Great Britain’s golden year of sporting triumph is celebrated today with Olympic cycling champion Chris Hoy, racing driver Lewis Hamilton and 14-year-old Paralympian Eleanor Simmonds among the superstars receiving awards in the New Year Honours List.

Honours also go to comic fantasy novelist Terry Pratchett, who is knighted and actor Michael Sheen, who played Tony Blair in the hit movie The Queen.

The Hoy family has a double reason to celebrate - the triple Olympic gold medal-winning cyclist gets a knighthood and his mother Carol receives an MBE for service to healthcare.

Reading Football Club chairman John Madejski is knighted for his charity work, while Dragons’ Den star Peter Jones receives a CBE for services to business, entrepreneurship and young people.

MBEs go to child protection campaigner Sara Payne, whose eight-year-old daughter Sarah was murdered in 2000, and six heroes of the July 7, 2005 terrorist attacks on London.

SPORT

This year’s list is dominated by the men and women whose sporting triumphs in Beijing catapulted Team GB to fourth place in the Olympic medal table and second place in the Paralympics.

Hoy’s knighthood caps an extraordinary year for the 32-year-old cyclist.

Born in Edinburgh, he rode in BMX competitions from the age of seven and even rowed for Scotland.

But he chose to concentrate on track sprint cycling, becoming a multiple world champion and setting a string of records.

This summer he became the first British athlete for 100 years to clinch three gold medals at the same Olympic Games, winning the team sprint, Keirin and match sprint.

Hoy, who now lives in Salford, Greater Manchester, was named BBC Sports Personality of the Year this month.

His fellow Team GB cyclists are also recognised for their dominance at the 2008 Olympics, where seven out of the 10 track events were won by British riders.

CBEs go to Bradley Wiggins, 28, who took home two golds from Beijing, and British Cycling performance director David Brailsford.

There are MBEs for gold medal-winning cyclists Ed Clancy, 23, Geraint Thomas, 22, Jason Kenny, 20, Jamie Staff, 35, and Paul Manning, 34.

Britain’s three female Olympic champion cyclists also get MBEs.

They are Nicole Cooke, 25, who won Team GB’s first gold in Beijing in the women’s road race, Victoria Pendleton, 28, and Rebecca Romero, 28.

Other Olympians to receive honours include swimmer Rebecca Adlington, 19, from Mansfield, Nottinghamshire.

Athlete Christine Ohuruogu, 24, who came back from a one-year ban for missing drug tests to become the Olympic women’s 400m champion in August, gets the same honour.

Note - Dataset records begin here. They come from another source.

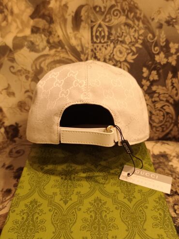 - Детали: изогнутый козырёк, аккуратные декоративные строчки, регулируемая задняя застёжка с металлической фурнитурой и кожаным элементом, фирменные ярлыки GUCCI.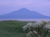 | 海の向こうに見えてきた利尻富士! ちょっと霞んでますけど・・・ 手前に写っている花は本州では見たこと無い花です。しかし北海道ではよく見かける・・・ |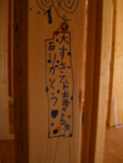 現在建築中の現場にて、お施主さんご家族が書かれたと思う柱の落書きを見つけた。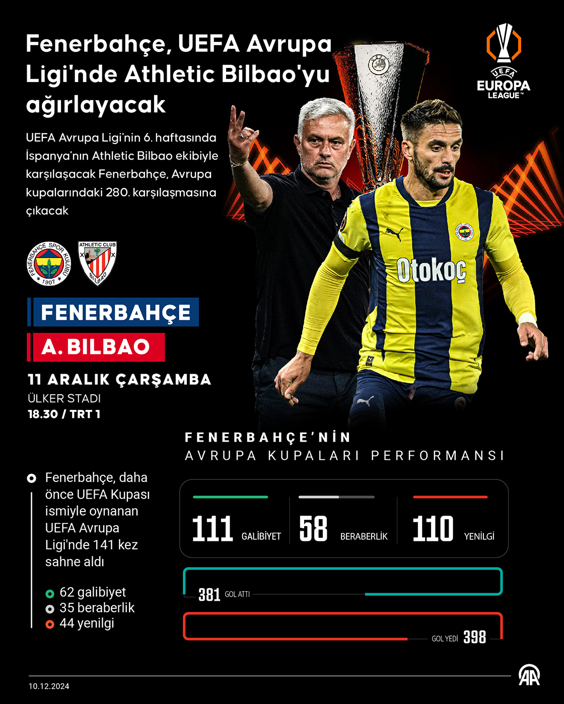 UEFA Avrupa Ligi'nin altıncı haftasında İspanya'nın Athletic Bilbao ekibiyle karşılaşacak Fenerbahçe, Avrupa kupalarındaki 280. karşılaşmasına çıkacak. (Grafik: Kemal Delikmen/AA)

MBEs also go to Tim Brabants, 31, who won Britain’s first canoeing gold medal at this summer’s Games, and middleweight boxer James DeGale, 22, who recently turned professional after winning gold in Beijing.

Ben Ainslie, 31, who is Britain’s most successful Olympic sailor after winning a gold medal in each of the last three Games, gets a CBE.

The same honour goes to David Tanner, performance director of the GB rowing team.

There are OBEs for Beijing gold medal-winning British sailors Sarah Ayton, 28, Iain Percy, 32, and Sarah Webb, 31, and MBEs for their team-mates Paul Goodison, 31, Andrew Simpson, 32, and Pippa Wilson, 22.

Olympic champion rowers Zac Purchase, 22, Mark Hunter, 30, Andy Triggs-Hodge, 29, Tom James, 24, and Peter Reed, 27, all get MBEs, while Steve Williams, 32, gets an OBE.

Among Paralympians, CBEs go to swimmer David Roberts, 28, who has won 16 medals at three Games, including four golds at Beijing, and horse rider Lee Pearson, 34, who won three golds in China.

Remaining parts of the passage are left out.